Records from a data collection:

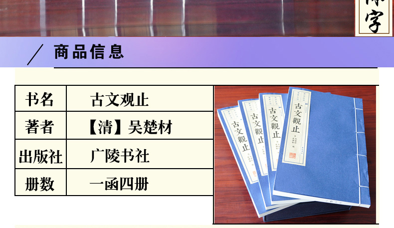 《古文觀止》是歷代散文總集。清代吳楚材、吳調侯編選,吳興祚審定。 《古文觀止(上下)》收錄了古代上起東週下至明末的散文222篇,雖比較一些選本所選篇目不算多,但它能重其所重,輕其所輕,故《古文觀止》問世至今300年來風行不衰,是清代以來流傳廣泛影響大的散文選本。 「觀止」二字出左傳,意思是:讀了這些盡美盡善的文章,別的文章就用不著去讀了。
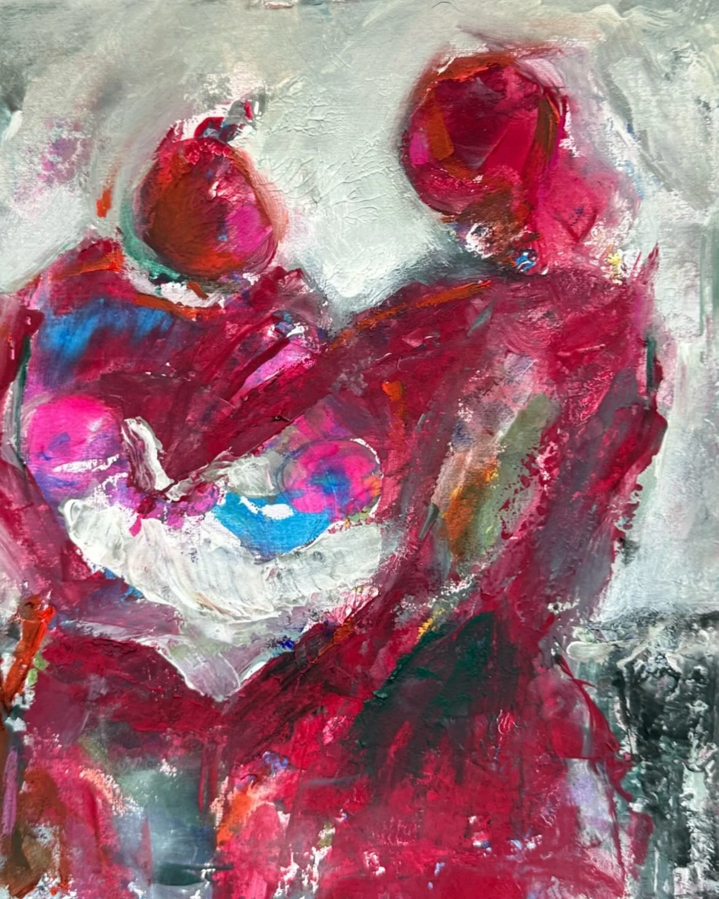 View fullsize ‘Brigid’s blessing,twice given’ acrylic on paper 23 x 23 cm  #originalart #acrylicpainting #paintingonpaper #childbirth #newborn #twins #neonatalperiod #artforsale
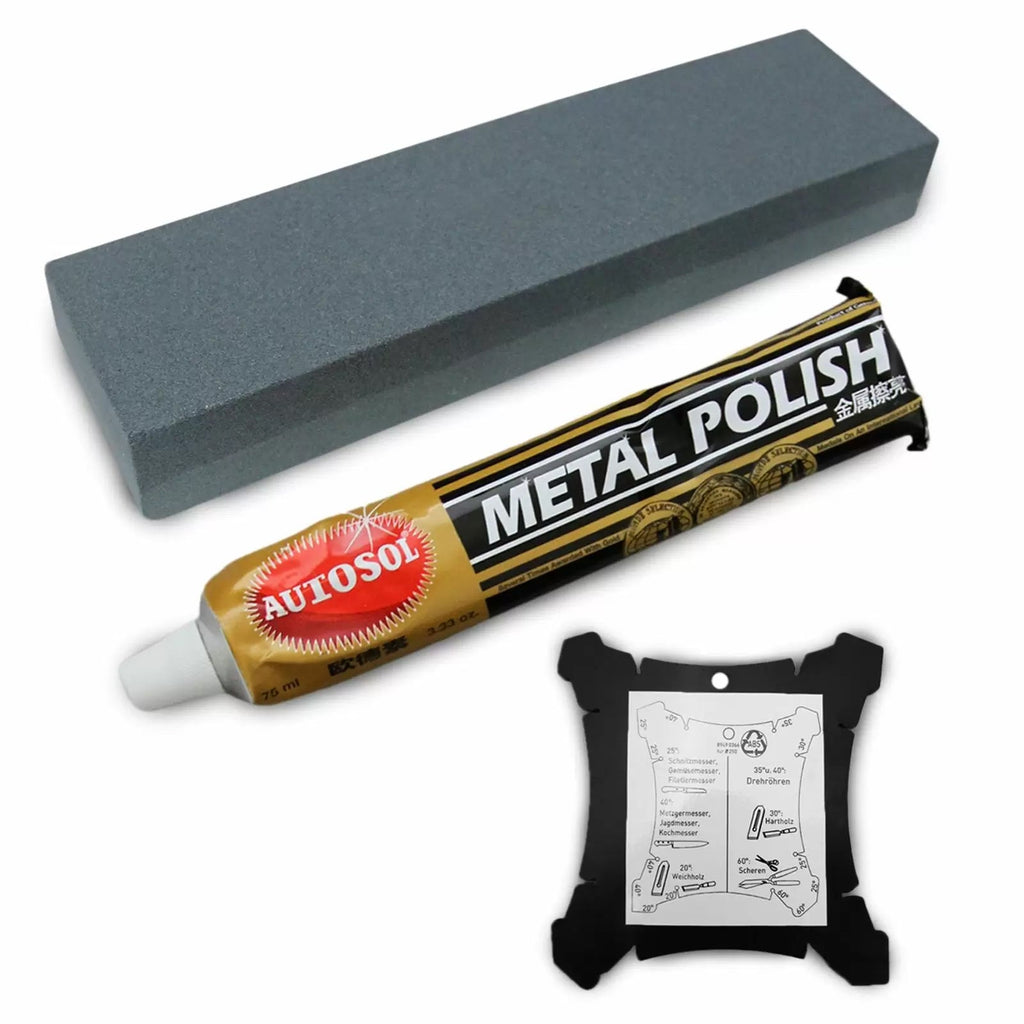 - Lucido per metalli per lustrare i tuoi attrezzi con la coramella di pelle
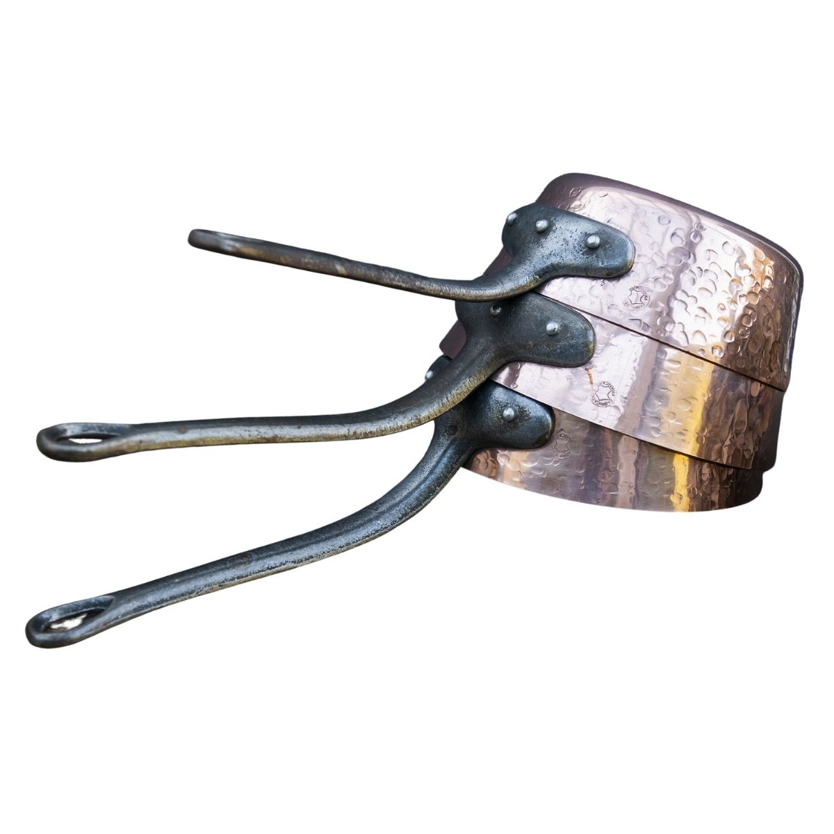 Add a touch of authentic French craftsmanship to your kitchen with this set of 3 vintage hammered copper saucepans. These high-quality, French-made pans feature riveted cast iron handles and a tin-lined interior in very good condition, making them ideal for cooking. The two larger pans are the same size, making this a rare and balanced set. Stamped “Fabrication française”, they are a beautiful addition to any French country or rustic kitchen.
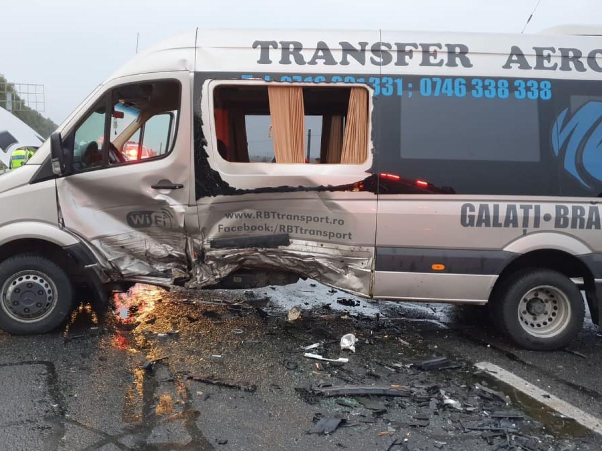 Accident cu trei victime de Dig Brăila – Galaţi. A avut loc o coliziune între un microbuz de transport persoane către Aeroport şi un alt autovehicul.

* **PROMPT**
In the records above, find the line that contains "View fullsize ‘Brigid’s". Print it and every later line exactly, omitting the pictures.

* **SOLUTION**
 View fullsize ‘Brigid’s blessing,twice given’ acrylic on paper 23 x 23 cm  #originalart #acrylicpainting #paintingonpaper #childbirth #newborn #twins #neonatalperiod #artforsale
 - Lucido per metalli per lustrare i tuoi attrezzi con la coramella di pelle
 Add a touch of authentic French craftsmanship to your kitchen with this set of 3 vintage hammered copper saucepans. These high-quality, French-made pans feature riveted cast iron handles and a tin-lined interior in very good condition, making them ideal for cooking. The two larger pans are the same size, making this a rare and balanced set. Stamped “Fabrication française”, they are a beautiful addition to any French country or rustic kitchen.
 Accident cu trei victime de Dig Brăila – Galaţi. A avut loc o coliziune între un microbuz de transport persoane către Aeroport şi un alt autovehicul.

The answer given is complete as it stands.